Nicole Tung è una fotogiornalista freelance, attenta ai conflitti mondiali e all’impatto dell’uomo sul Pianeta, con un approccio di denuncia delle problematiche ambientali. Si è occupata delle guerre in Libia e in Siria, dell’invasione russa in Ucraina, del racconto di vita dei veterani di guerra nativi americani negli Stati Uniti, delle proteste pro-democrazia a Hong Kong e delle conseguenze dell’ISIS in Iraq e Siria.

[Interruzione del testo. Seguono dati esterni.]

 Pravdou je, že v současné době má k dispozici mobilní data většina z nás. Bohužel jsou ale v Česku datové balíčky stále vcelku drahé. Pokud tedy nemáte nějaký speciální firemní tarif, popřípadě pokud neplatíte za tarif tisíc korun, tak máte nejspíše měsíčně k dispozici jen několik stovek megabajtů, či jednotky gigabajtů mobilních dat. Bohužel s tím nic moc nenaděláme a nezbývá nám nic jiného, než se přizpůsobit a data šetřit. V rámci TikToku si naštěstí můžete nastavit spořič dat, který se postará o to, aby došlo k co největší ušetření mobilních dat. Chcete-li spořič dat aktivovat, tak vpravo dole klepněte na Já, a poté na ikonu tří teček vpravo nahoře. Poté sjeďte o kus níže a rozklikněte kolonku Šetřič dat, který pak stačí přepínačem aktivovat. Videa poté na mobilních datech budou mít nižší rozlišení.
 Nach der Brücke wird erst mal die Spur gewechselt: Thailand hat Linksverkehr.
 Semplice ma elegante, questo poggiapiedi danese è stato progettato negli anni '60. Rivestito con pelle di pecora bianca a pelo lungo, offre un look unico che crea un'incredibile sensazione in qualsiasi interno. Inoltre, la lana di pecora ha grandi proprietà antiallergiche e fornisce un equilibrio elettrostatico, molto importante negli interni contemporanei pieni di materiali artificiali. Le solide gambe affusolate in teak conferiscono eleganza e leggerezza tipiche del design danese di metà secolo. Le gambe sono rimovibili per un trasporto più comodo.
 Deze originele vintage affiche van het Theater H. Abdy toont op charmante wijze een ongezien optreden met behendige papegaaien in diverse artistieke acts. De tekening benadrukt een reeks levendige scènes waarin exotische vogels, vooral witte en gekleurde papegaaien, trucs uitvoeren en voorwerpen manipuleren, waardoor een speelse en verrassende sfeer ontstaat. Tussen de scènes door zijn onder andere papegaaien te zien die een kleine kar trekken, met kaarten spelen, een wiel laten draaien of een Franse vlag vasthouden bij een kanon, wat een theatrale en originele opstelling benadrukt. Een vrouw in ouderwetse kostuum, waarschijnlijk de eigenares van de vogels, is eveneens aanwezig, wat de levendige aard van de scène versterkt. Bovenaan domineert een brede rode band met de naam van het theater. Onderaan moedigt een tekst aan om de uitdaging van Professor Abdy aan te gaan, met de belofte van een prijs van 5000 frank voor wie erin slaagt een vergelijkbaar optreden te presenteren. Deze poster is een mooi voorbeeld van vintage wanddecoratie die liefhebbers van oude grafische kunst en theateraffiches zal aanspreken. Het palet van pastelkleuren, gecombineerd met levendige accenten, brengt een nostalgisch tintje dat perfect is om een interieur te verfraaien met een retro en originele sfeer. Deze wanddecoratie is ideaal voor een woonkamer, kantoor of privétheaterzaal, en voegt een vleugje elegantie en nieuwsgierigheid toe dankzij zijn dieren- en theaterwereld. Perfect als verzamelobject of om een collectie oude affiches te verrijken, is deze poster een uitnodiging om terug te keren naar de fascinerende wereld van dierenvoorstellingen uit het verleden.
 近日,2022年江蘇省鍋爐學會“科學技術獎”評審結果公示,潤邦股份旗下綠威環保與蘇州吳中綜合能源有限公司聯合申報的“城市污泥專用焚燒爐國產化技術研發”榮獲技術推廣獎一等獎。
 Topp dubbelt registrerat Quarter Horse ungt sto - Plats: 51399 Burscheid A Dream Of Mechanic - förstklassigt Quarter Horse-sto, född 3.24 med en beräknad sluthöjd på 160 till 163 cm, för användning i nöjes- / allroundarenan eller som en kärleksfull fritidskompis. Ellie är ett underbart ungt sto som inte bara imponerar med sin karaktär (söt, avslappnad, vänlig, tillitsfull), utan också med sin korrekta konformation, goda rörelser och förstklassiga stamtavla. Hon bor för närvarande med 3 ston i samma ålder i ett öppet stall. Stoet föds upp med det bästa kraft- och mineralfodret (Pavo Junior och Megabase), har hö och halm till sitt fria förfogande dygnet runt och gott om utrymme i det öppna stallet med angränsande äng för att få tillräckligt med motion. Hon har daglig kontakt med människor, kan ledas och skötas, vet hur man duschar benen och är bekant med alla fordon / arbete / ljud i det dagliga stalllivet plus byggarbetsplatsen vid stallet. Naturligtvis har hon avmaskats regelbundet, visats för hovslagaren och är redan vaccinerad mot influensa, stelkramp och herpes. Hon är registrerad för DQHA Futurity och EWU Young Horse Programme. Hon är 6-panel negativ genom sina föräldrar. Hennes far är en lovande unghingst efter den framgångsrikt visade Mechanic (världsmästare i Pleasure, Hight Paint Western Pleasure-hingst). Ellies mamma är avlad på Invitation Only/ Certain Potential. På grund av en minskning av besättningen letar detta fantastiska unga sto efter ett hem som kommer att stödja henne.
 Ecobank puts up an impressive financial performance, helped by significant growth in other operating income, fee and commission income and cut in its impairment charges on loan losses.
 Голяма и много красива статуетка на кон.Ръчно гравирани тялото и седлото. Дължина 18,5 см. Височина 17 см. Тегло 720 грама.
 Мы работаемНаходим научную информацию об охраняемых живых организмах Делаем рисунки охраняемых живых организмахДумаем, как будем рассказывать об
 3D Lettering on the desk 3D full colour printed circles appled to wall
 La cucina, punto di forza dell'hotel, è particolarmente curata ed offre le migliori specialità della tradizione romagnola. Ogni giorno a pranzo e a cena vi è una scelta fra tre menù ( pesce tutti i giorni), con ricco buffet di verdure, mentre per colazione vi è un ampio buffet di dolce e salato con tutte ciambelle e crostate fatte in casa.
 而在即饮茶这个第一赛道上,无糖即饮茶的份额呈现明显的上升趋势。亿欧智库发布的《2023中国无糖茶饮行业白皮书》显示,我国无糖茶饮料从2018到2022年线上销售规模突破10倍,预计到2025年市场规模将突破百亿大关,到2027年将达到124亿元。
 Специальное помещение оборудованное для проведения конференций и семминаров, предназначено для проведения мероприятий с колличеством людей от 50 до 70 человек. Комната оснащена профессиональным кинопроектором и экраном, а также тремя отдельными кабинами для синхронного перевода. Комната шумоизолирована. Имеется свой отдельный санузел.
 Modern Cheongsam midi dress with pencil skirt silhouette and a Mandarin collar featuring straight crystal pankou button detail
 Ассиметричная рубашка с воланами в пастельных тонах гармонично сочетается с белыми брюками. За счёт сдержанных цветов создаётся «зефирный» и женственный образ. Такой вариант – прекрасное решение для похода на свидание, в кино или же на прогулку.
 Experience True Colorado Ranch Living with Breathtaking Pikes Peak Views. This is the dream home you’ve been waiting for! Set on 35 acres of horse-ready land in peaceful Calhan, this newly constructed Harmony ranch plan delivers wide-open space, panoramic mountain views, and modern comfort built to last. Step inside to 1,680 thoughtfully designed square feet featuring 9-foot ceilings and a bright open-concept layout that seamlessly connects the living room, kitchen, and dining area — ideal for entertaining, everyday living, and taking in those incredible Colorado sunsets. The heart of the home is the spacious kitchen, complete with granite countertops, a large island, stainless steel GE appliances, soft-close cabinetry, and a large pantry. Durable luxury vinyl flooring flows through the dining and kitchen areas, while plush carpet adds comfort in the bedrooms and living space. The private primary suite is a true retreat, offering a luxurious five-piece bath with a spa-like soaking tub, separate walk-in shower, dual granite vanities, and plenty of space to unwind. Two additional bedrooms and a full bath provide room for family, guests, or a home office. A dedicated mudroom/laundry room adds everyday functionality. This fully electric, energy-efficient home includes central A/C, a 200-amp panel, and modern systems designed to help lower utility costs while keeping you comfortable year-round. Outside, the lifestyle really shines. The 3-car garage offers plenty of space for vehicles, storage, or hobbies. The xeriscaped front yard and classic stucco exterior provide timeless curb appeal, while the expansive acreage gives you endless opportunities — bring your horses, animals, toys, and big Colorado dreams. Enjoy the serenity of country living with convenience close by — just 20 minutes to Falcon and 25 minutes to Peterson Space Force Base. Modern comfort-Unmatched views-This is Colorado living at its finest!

Attualmente, in mare, soprattutto nel Sud-est asiatico, è in corso una sorta di guerra invisibile, per il territorio, per la salute degli ecosistemi marini e per i diritti dei lavoratori. Nicole ha prodotto Overfishing in Southeast Asia per raccontare questo spaccato di storia che riguarda tutti. Lo ha fatto per concorrere al Photojournalism Award che la Fondazione Carmignac aveva indetto quest’anno, vincendolo. Ora il lavoro è in mostra al Bronx Documentary Center di New York, e noi abbiamo intervistato Nicole per farci raccontare il suo progetto.
Qual è la storia che hai voluto raccontare con Overfishing in Southeast Asia?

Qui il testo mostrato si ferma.